Tungsten. Tungsten is used in high-speed tool steels to promote the retention of the hardness, obtained through heat treatment, at high temperatures. It forms an extremely hard carbide that is very wear - resistant.

Cobalt. Cobalt is an unusual element because it decreases the hardenability of steel. It strengthens the ferrite and it is used in some high-speed steels to increase resistance to abrasion at high tem­peratures.

Boron. Boron is used in steel for only one purpose, to increase the hardenability of steels having less than.60 percent carbon content. It is effective when used in quantities of only a few thousandths of a percent.
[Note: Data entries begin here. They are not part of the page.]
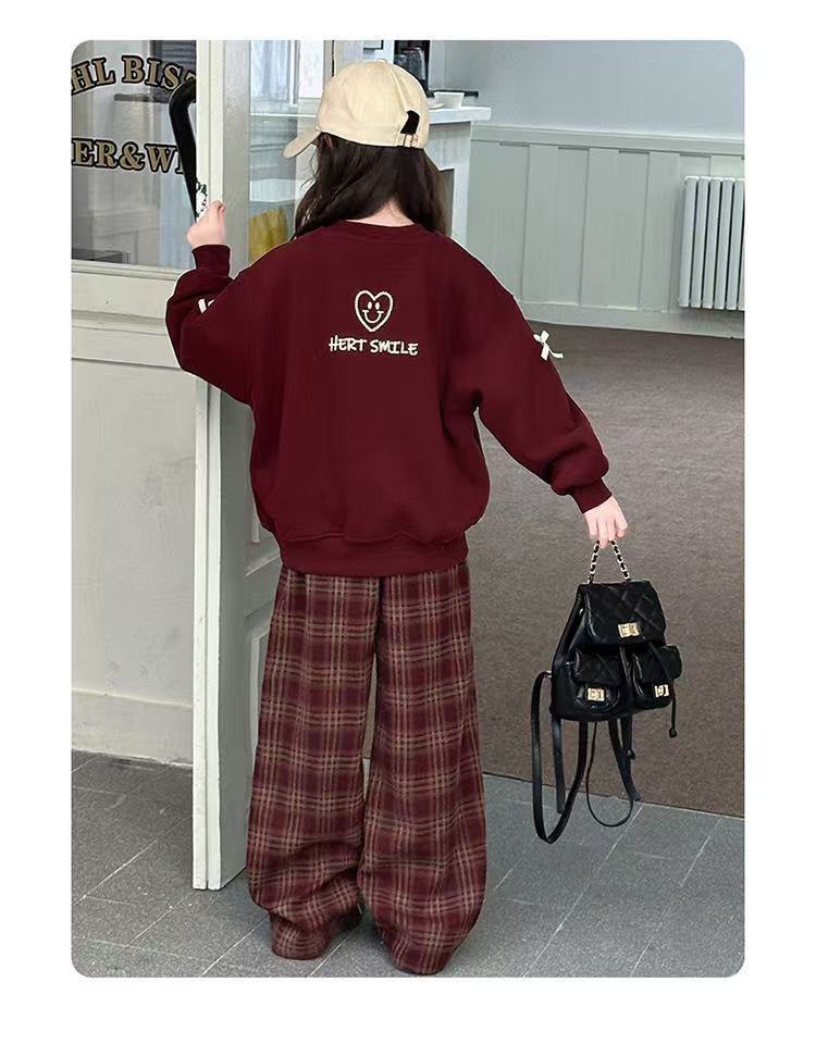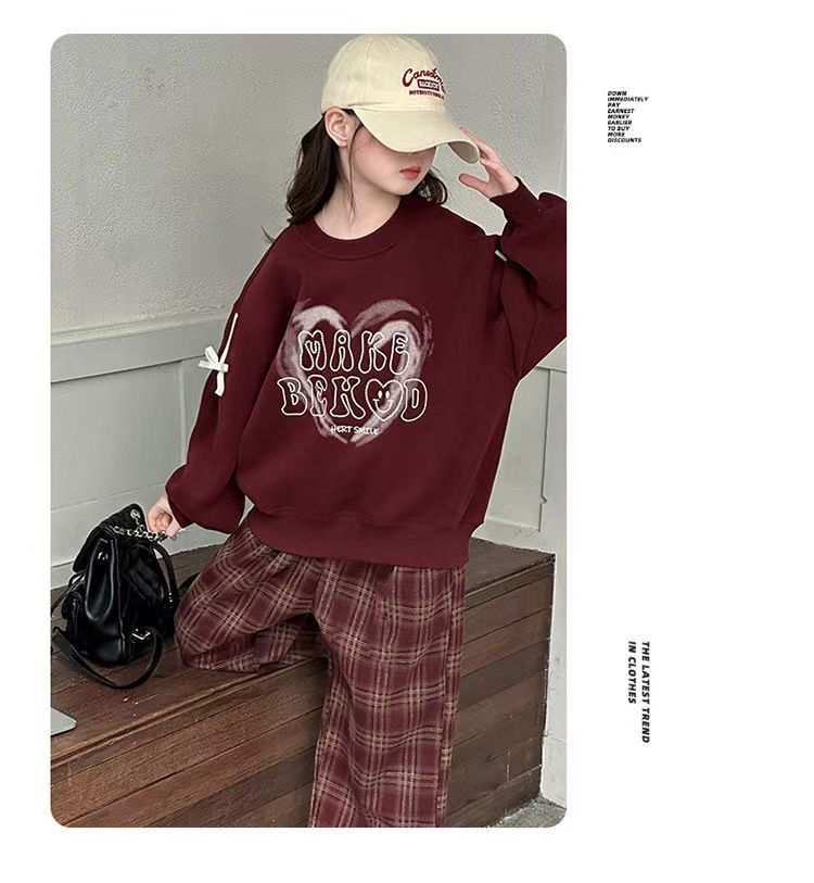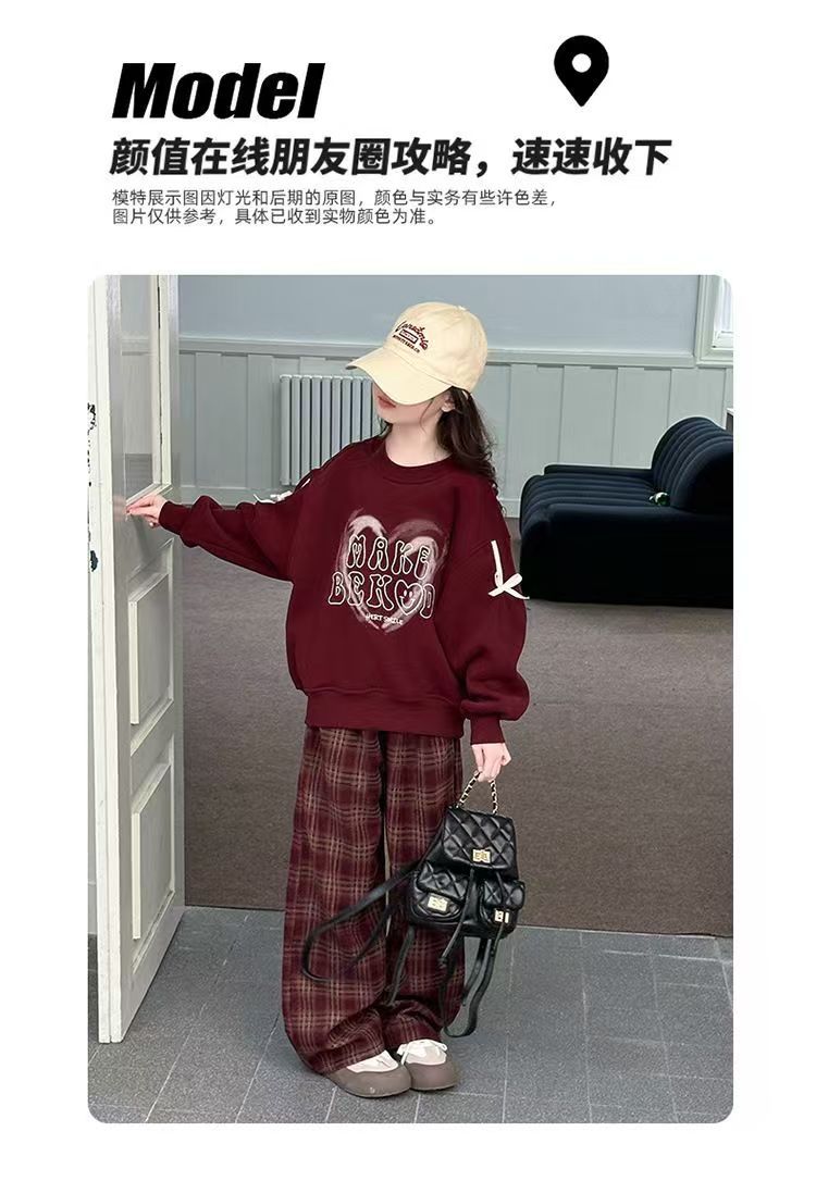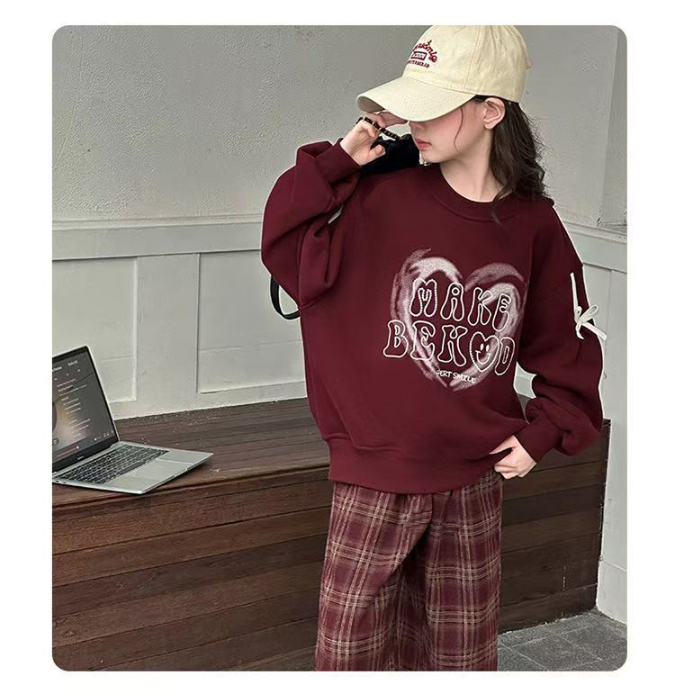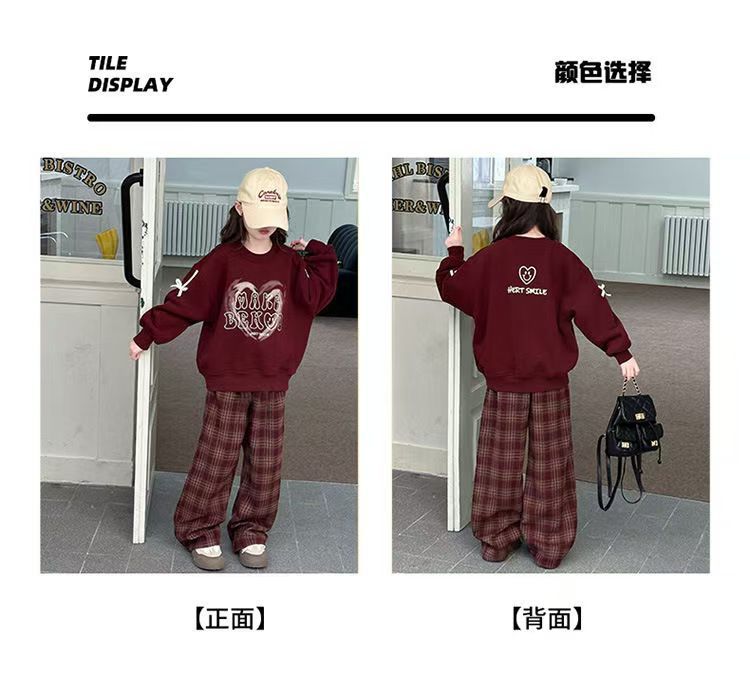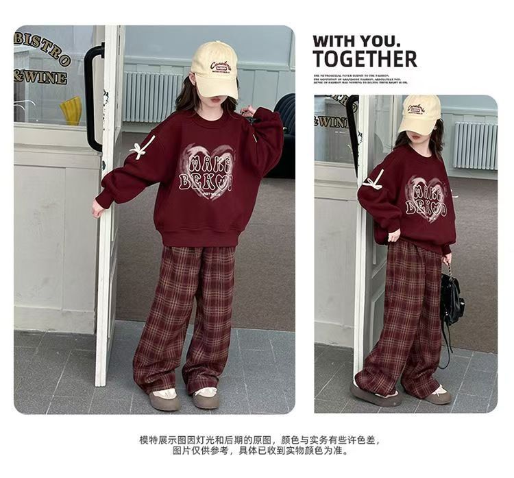어린이 여성 기모 세트 새로운 서양식 가을과 겨울 기모 두꺼운 땀 중간과 큰 어린이 사랑 후드 격자 무늬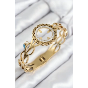 316L Çelik Zirkon Taşlı Göz Charm Model Gold Renk Kadın Bileklik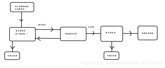 如果当前线程池中的线程数目达到maximumPoolSize,则会采取任务拒绝策略进行处理;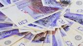 50 funtów szterlingów banknoty zbliżenie zobacz tło działalności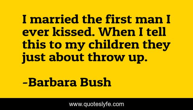This page presents the quote "I married the first man I ever kissed. When I tell this to my children they just about throw up.". Author of this quote is Barbara Bush. .

Perhaps, for this reason, the degree of effectiveness of boron steels is sometimes rather unpredictable.

Titanium. Titanium has a very strong tendency to form carbides and to reduce the ability of the steel to be hardened by heat treatment. It is used as a deoxidizer and in deep-drawing steels to prevent age hardening. It is also used for this purpose in stainless steels and in heat-resisting steels, to increase their strength.

Aluminum is used principally as a deoxidizer in steel although it also promotes a fine austenitic grain size. Copper is sometimes added to steel to improve its resistance to atmospheric corrosion. Lead is added to some steels to improve their machinability. While sulfur is normally considered to be an impurity in steel, it is sometimes intentionally added, along with the required amount of manganese to form manganese sulfide. This is done to improve the machinabil­ity of the steel. Phosphorus is considered to be an impurity.